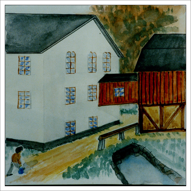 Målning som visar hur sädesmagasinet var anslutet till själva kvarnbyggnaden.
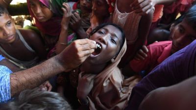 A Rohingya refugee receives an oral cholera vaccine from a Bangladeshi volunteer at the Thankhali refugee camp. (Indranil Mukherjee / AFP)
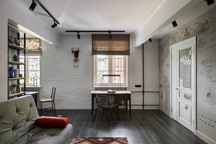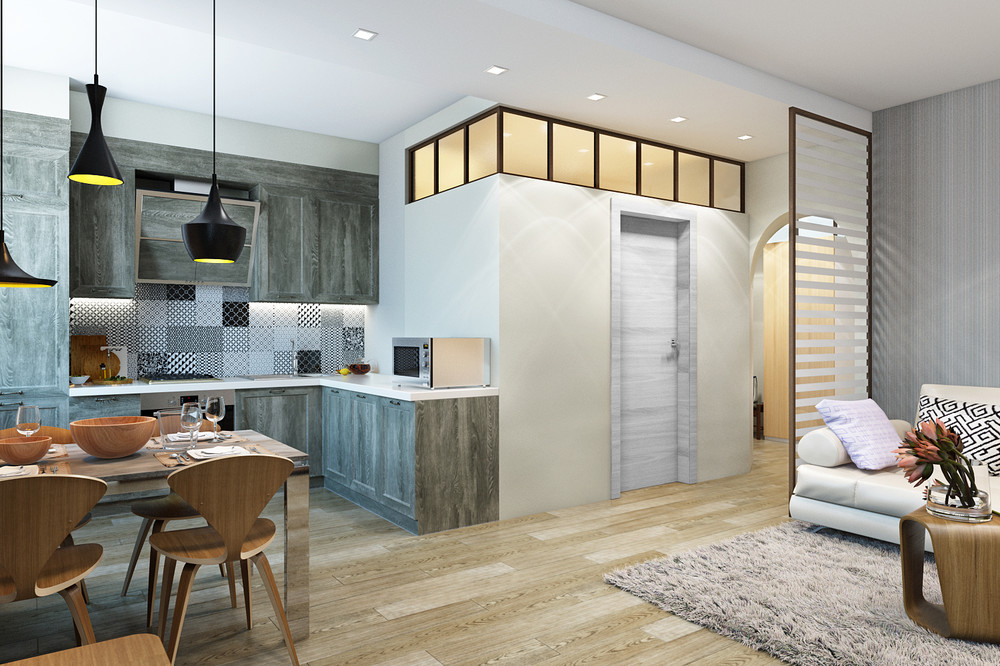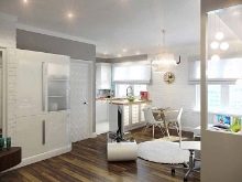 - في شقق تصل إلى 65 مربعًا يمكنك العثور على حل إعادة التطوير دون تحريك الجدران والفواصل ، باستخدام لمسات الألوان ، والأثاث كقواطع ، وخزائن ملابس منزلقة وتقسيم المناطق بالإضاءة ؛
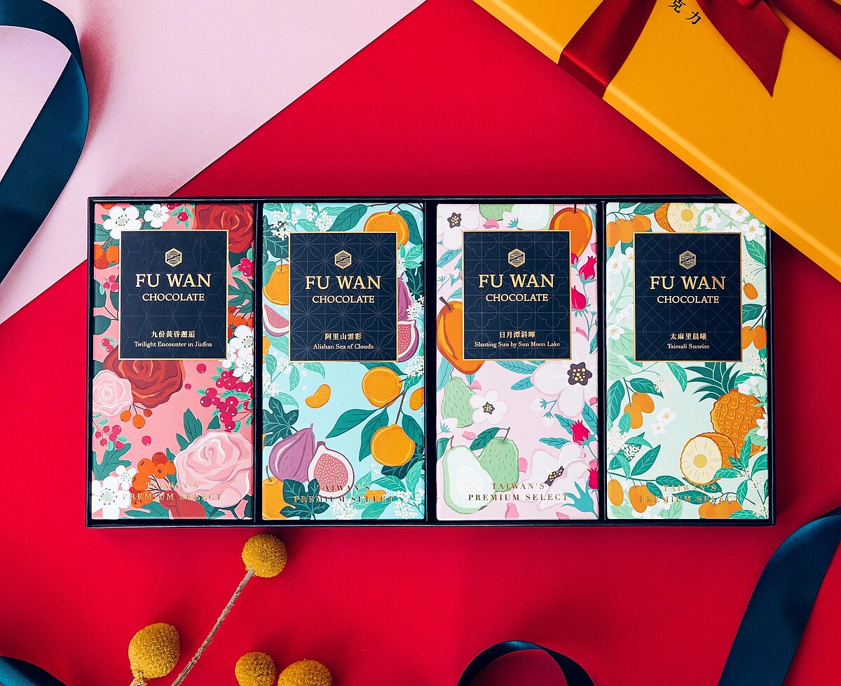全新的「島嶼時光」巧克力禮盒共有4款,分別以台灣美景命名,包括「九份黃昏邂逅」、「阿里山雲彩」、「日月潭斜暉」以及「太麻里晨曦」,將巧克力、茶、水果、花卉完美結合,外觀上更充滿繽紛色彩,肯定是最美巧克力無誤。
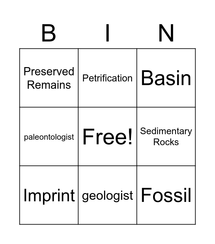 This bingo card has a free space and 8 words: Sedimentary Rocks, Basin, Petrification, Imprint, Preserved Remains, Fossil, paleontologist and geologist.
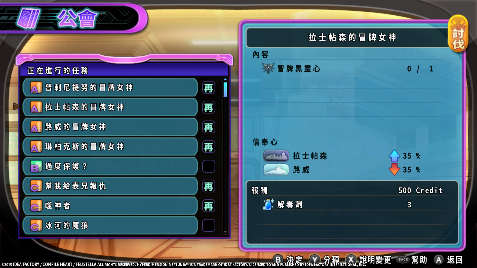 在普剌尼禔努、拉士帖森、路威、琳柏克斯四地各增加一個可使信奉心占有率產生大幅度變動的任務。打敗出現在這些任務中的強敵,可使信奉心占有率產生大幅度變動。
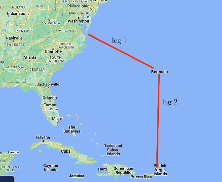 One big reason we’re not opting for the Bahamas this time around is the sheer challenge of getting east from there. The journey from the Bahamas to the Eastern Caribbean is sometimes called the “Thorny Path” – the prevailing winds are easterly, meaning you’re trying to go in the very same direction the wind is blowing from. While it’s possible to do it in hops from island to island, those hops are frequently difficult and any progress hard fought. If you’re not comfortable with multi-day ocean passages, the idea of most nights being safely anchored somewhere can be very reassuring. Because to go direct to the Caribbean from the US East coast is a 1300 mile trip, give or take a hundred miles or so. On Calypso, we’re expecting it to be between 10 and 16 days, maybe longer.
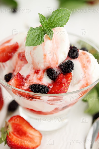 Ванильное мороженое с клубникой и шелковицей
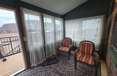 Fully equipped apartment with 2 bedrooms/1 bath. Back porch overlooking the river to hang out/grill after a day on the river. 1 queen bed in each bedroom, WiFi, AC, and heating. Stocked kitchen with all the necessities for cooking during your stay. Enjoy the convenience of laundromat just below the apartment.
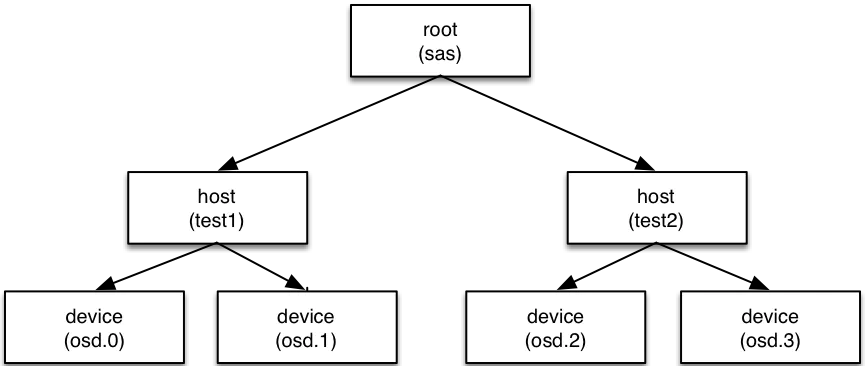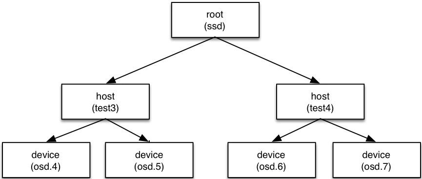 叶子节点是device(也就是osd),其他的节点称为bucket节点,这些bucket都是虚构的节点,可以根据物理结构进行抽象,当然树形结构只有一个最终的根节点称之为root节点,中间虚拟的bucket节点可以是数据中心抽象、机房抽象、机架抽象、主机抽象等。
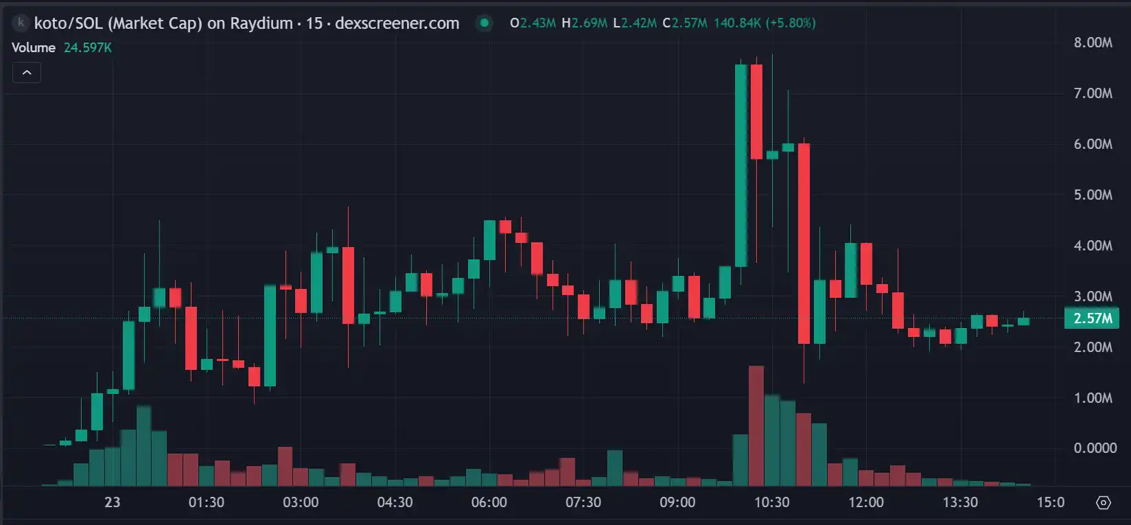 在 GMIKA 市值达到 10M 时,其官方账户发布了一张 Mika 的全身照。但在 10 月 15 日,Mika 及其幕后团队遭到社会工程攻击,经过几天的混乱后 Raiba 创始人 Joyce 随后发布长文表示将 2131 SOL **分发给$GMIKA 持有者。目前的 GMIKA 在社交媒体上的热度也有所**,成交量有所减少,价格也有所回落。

* [TASK TO CARRY OUT]:
Starting with the first line of the material above and ending with the line that holds "在普剌尼禔努、拉士帖森、路威", write out those lines exactly, without pictures.

* [SOLVED PROBLEM]:
 Målning som visar hur sädesmagasinet var anslutet till själva kvarnbyggnaden.
 A Rohingya refugee receives an oral cholera vaccine from a Bangladeshi volunteer at the Thankhali refugee camp. (Indranil Mukherjee / AFP)
 - في شقق تصل إلى 65 مربعًا يمكنك العثور على حل إعادة التطوير دون تحريك الجدران والفواصل ، باستخدام لمسات الألوان ، والأثاث كقواطع ، وخزائن ملابس منزلقة وتقسيم المناطق بالإضاءة ؛
全新的「島嶼時光」巧克力禮盒共有4款,分別以台灣美景命名,包括「九份黃昏邂逅」、「阿里山雲彩」、「日月潭斜暉」以及「太麻里晨曦」,將巧克力、茶、水果、花卉完美結合,外觀上更充滿繽紛色彩,肯定是最美巧克力無誤。
 This bingo card has a free space and 8 words: Sedimentary Rocks, Basin, Petrification, Imprint, Preserved Remains, Fossil, paleontologist and geologist.
 在普剌尼禔努、拉士帖森、路威、琳柏克斯四地各增加一個可使信奉心占有率產生大幅度變動的任務。打敗出現在這些任務中的強敵,可使信奉心占有率產生大幅度變動。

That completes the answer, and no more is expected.